Такова была цена семейной славы. Дед мисс Тествэлли был прославленным патриотом Дженнаро Теставалья из Модены, подстрекателем восстаний, героем Рисорджименто[11], автором когда-то знаменитых исторических романов «Арнальдо да Брешиа» и «Дама крепости», – но память о нём в Англии жила в основном благодаря тому, что он был кузеном старого Габриэля Россетти, отца знаменитого, но неоднозначного Данте Габриэля[12]. Теставальи, бежав от австрийской инквизиции, прибыли в Англию одновременно с Россетти и, приспособив свою труднопроизносимую фамилию к английскому языку, породнились с другими изгнанными революционерами и антипапистами, породив сыновей – художников и агностиков, и дочерей – убеждённых евангеличек[13] и гувернанток в самых знатных семьях. Лора Тествэлли послушно следовала семейной традиции; но она появилась на свет после героических времён великих дам-евангеличек, которым требовались гувернантки под стать себе; конкуренция обострилась, спрос на салонный итальянский язык и благочестивые размышления о коллектах[14] снизился, немецкий язык и естественные науки стали более востребованными, и ни в том, ни в другом Тествэлли не преуспела.

А за прошедшие годы матушки и тётушки в семье стали страдать от ревматизма и терять силы, героические старики доживали свой век в крепкой дряхлости, и бремя молодого поколения с каждым годом становилось всё тяжелее. К своим тридцати пяти годам Лора обнаружила, что на английские заработки невозможно содержать бабушку (жену героя Рисорджименто) и помогать своей немощной матери содержать брата-инвалида и сестру с шестью детьми, чей муж пропал без вести в дебрях Австралии.
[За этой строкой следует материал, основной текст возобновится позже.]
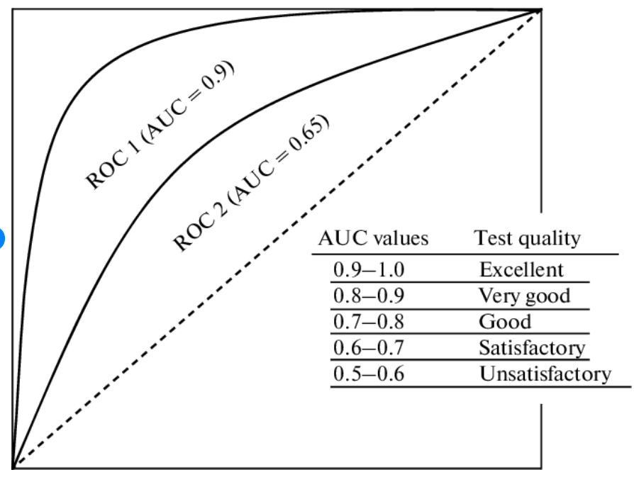 - ROC 곡선 밑의 면적을 구한 것으로서 일반적으로 1에 가까울수록 좋은 수치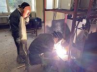 鉄板を切り、アーク溶接で溶接していきます。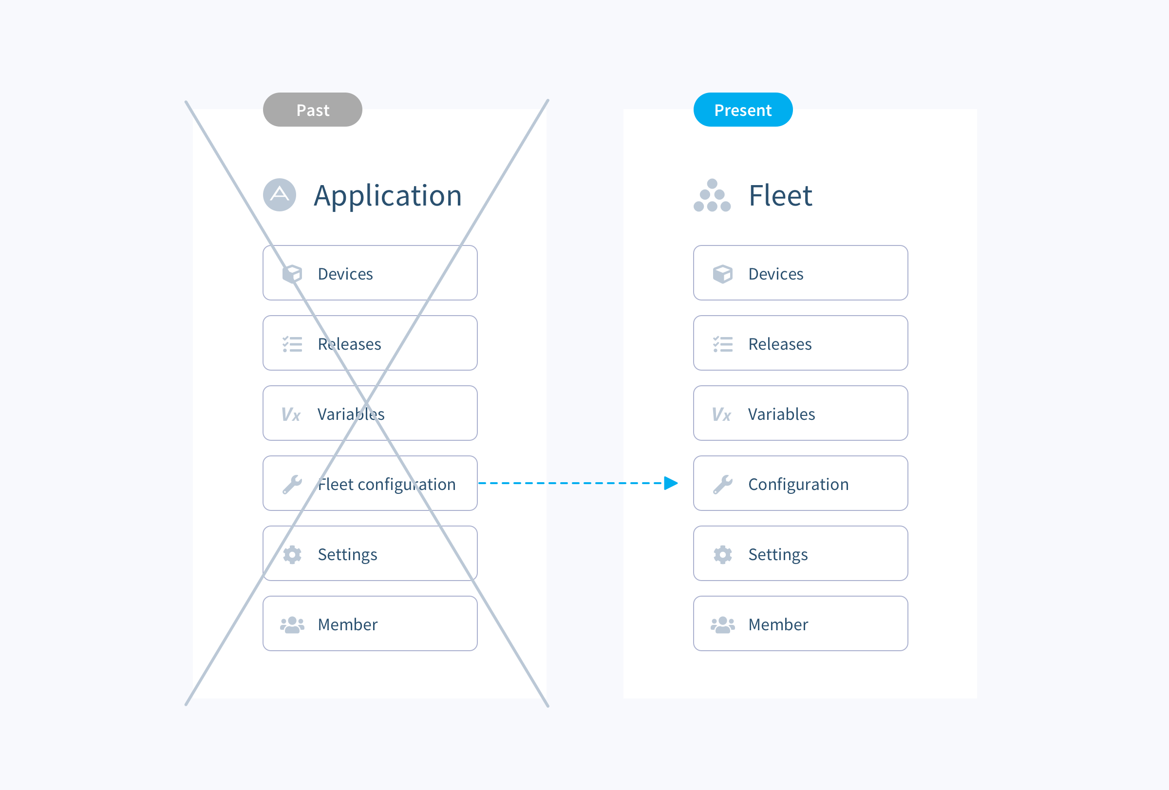 Applications on balenaCloud are now Fleets. We’ve changed this to progress us towards our long-term vision of disentangling devices from software, allowing you to manage both independently and solve for use cases of ever-increasing complexity.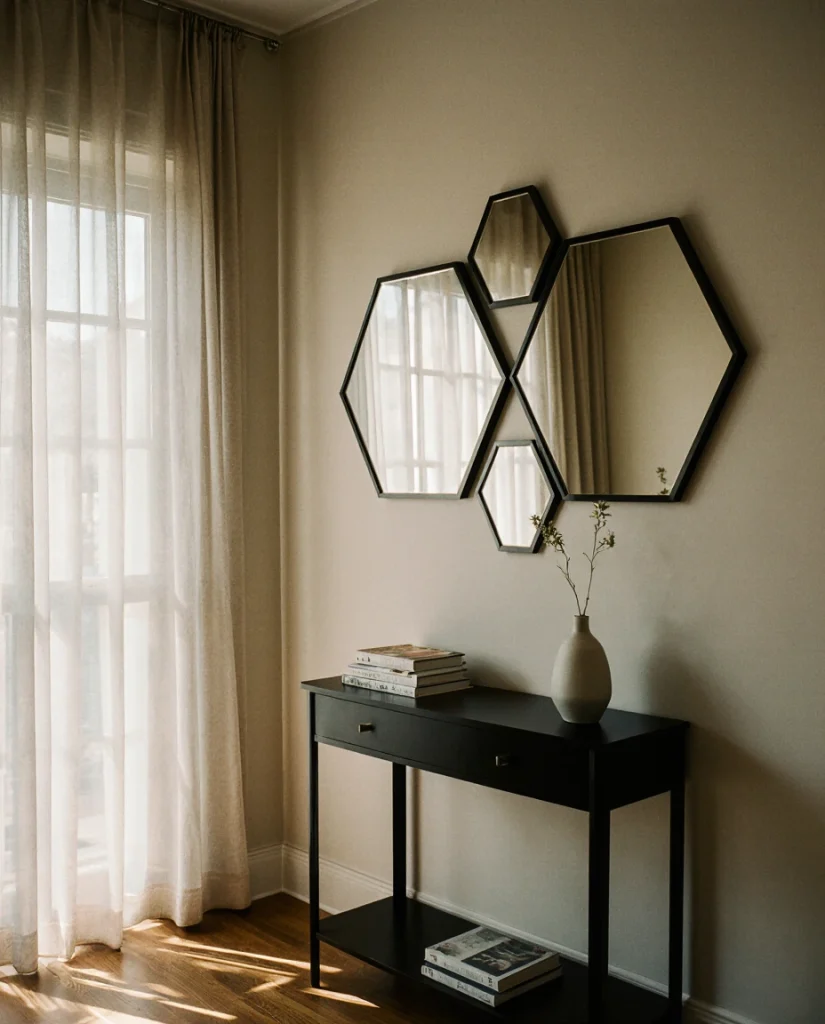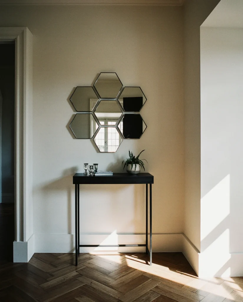 In urban areas such as Seattle or Boston, houses tend to be smaller. In these cases, hexagonal mirrors can trick the mind into seeing more depth. The fragmented mirrors make things look more dynamic, as do reflections, yet do not clutter the overall view, making them perfect for multirole corridor/gallery walls. Arrange the mirrors at eye level, maintaining 6–8 inches between the console and the lowest-hanging mirror. This maintains balance and feels more intentional compared to a more haphazard arrangement.

Лора была уверена, что служение другим – не её призвание, но она рано была вынуждена нести это бремя из семейной гордости и потому что, в конце концов, она принадлежала к этому роду, а Рисорджименто и прерафаэлиты были её главными регалиями. И вот она приехала в Америку. У Парморов она многое узнала об одной стороне американской жизни и написала домой несколько ироничных писем на эту тему; но с самого начала она подозревала, что настоящая Америка находится где-то ещё, и её искушала и забавляла мысль, что её можно обнаружить среди нуворишей с Уолл-стрит. У Лоры был неиспорченный вкус к странностям и контрастам, и ничто не могло быть более чуждым её личным взглядам, чем семейное сочетание революционного радикализма, благочестия Эксетер-холла и благоговейного преклонения перед аристократическими домами, в которых гувернантки из рода Тествэлли зарабатывали на жизнь для своих бывших карбонариев. «Если бы я была мужчиной, – иногда думала она, – Данте Габриэль был бы не единственным крестом в семье». И эта мысль смутно утешала её, когда она исправляла сочинения учениц или подбирала сброшенные петли их вязания.
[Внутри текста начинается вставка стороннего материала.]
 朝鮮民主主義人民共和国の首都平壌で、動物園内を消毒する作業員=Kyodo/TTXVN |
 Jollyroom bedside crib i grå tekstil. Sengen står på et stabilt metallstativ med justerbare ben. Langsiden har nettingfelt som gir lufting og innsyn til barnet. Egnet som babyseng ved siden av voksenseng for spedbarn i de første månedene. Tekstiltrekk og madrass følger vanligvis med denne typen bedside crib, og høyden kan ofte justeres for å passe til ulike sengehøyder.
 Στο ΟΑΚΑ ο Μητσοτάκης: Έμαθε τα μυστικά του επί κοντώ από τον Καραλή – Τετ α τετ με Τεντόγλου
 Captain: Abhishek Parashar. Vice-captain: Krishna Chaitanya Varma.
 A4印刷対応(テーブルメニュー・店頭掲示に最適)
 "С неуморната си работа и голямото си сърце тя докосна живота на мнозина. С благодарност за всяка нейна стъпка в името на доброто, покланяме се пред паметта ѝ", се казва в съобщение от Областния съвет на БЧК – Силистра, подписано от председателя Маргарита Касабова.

[10] Тонкая косынка или сложенный по диагонали квадратный платок из лёгкой ткани (муслина, батиста) или кружев, прикрывавший шею и декольте (прим. пер.).
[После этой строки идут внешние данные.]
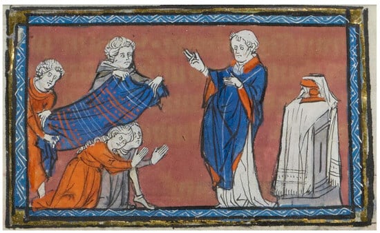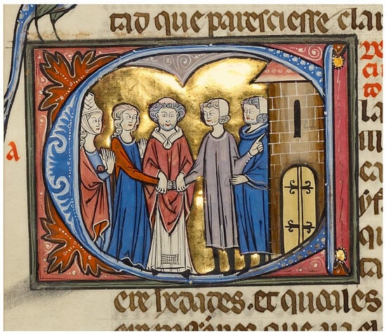 Sonne de Torrens 2021, p. 149). This focus on the exchange of consent by vows is represented repeatedly in the depictions of the marriage ceremony in manuscript illuminations from the legal and religious context.
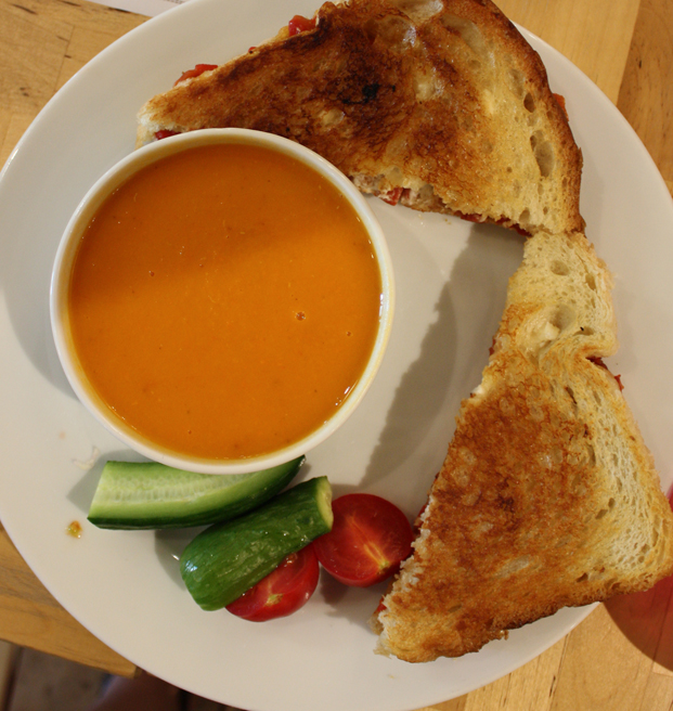 Autre option intéressante: vous pouvez choisir de manger votre lunch (j’avais pour ma part choisi un bon croque-monsieur au fromage de chèvre et aux poivrons grillés, accompagné d’une soupe du jour, aux carottes et au lait de coco) soit à l’intérieur, soit sur une jolie terrasse dans les serres.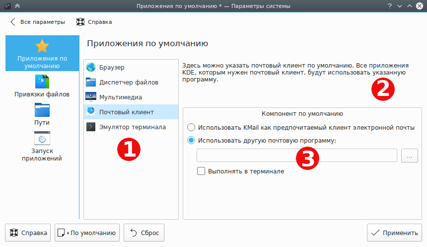 На данном снимке экрана показаны некоторые элементы графического интерфейса на примере модуля «Приложения по умолчанию» из программы Параметры системы. Выберите левой кнопкой мыши соответствующую часть окна, чтобы узнать о ней больше.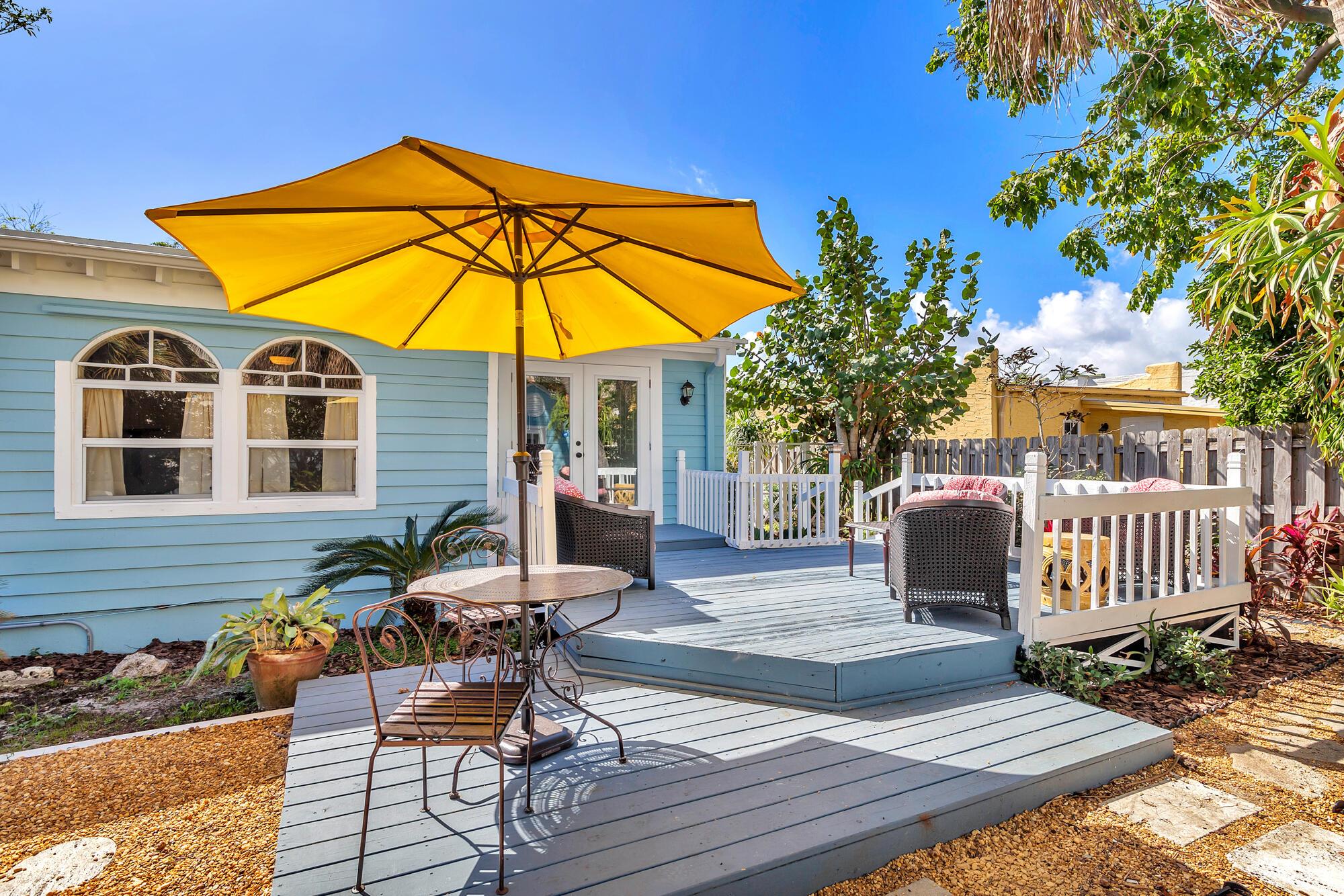 Island style at an amazing price in the south end! This Key West cottage has a British Colonial flair for easy, breezy tropical living. Gleaming original hardwood floors, graceful arches and more give this home that Old Florida 1930s charm. It has an open kitchen and a full-sized washer and gas dryer. The property has a gas tankless water heater for energy efficiency. There is an elegant front gate as well as a lovely gate to the backyard. A spacious rear deck overlooks the backyard which is complete with a finished and air-conditioned cabana that would make a great home office. The neighborhoods south of downtown are some of the most sought-after real estate around right now and this home represents an opportunity to get east of Dixie at a reasonable price.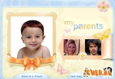 BabyMaker в три шага покажет Вам фото будущего ребенка. Втавляем фото мамы и папы и фото Вашего будущего ребенка готово!!! Есть возможность поэкспериментировать с выбором пары.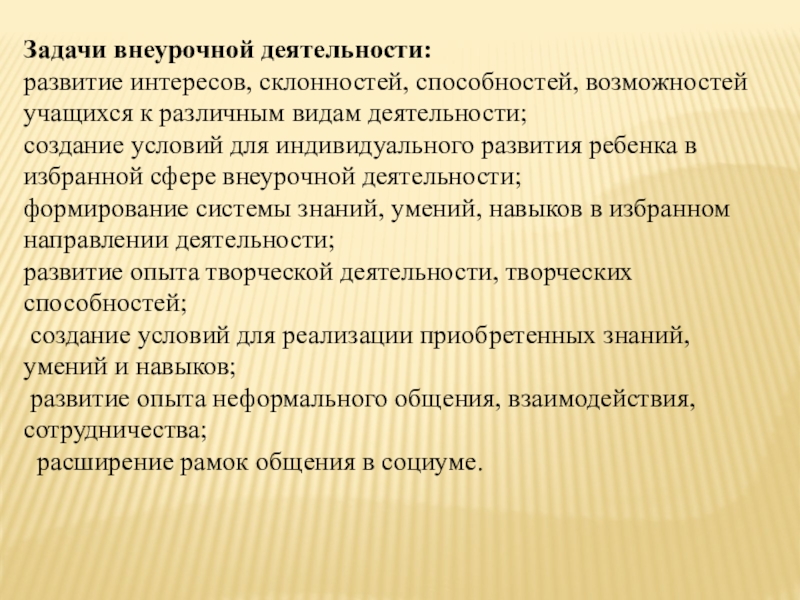 создание условий для индивидуального развития ребенка в избранной сфере внеурочной деятельности;

[11] Risorgimento (ит.), буквально – возрождение, национально-освободительное движение итальянского народа против иноземного (австрийского) гнёта, за объединение раздробленной на мелкие государства Италии в единое национальное государство (прим. пер.).
[12] Данте Габриэль Россетти (1828–1882) – поэт, художник, один из главных представителей прерафаэлитского братства.
[13] Евангелисты – ряд протестантских конфессий, получивших обобщённое название от Евангелия, которое (как и в целом Библия) рассматривается как основной источник вероучения (прим. пер.).
[14] Коллекта – краткая молитва, читаемая обычно в начале мессы и передающая в сжатой форме смысл текущего дня или праздника (аналог тропаря дня в богослужении византийского обряда) (прим. пер.).